Republican State Sen. Don Balfour from Snellville says the cost is reasonable. Critics of the food stamp legislation say it will not fix larger-scale fraud.

The part of the law requiring drug testing of applicants suspected of using drugs has been put on hold.

23 comments

  1. The cost to remove Sen. Balfour was reasonable.

    This little quirk is just adding hassle to satisfy the need for those clinching their pearls over anecdotal “waste”. $7.7 Million plus?
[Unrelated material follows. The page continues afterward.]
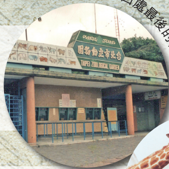
圓山時期入口處最後的樣貌

西元1884年清廷於大稻埕與艋舺兩地之間構築城廓， 「臺北」這一名詞在臺北建城後，成為臺北市的通稱。 今年適逢臺北建城（ ）周年。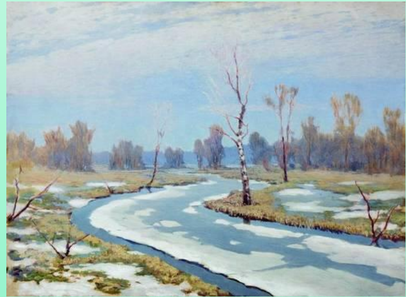
А. Куинджи Весна

Sounds like money we could be using for reasonable things, not making hay.

    This gives republicans a bad rap.

    • Dave Bearse says:

      “I guarantee you we’ll see more than that in savings,” Balfour said.

      That’s reassuring, since Don Balfour is so much more an authority in matters of fraud than actually estimating implementation and operating costs and fraud prevention benefits concurrent with the preparation of the legislation.

      Tell me again what the GaGOP is always saying about throwing money at problems?

  2. Harry says:

    I’m sure there’s a lot of fraud involved, but these days the “food stamp” is in the form of a debit card which is swiped through a point of sale device just like any other debit/credit card and is never checked for facial recognition. I therefore wonder how much benefit there is to having a photo on the card. It’s feelgood legislation. The drug testing would be much more effective because most recipients who sell or loan their cards are likely doing so to buy drugs.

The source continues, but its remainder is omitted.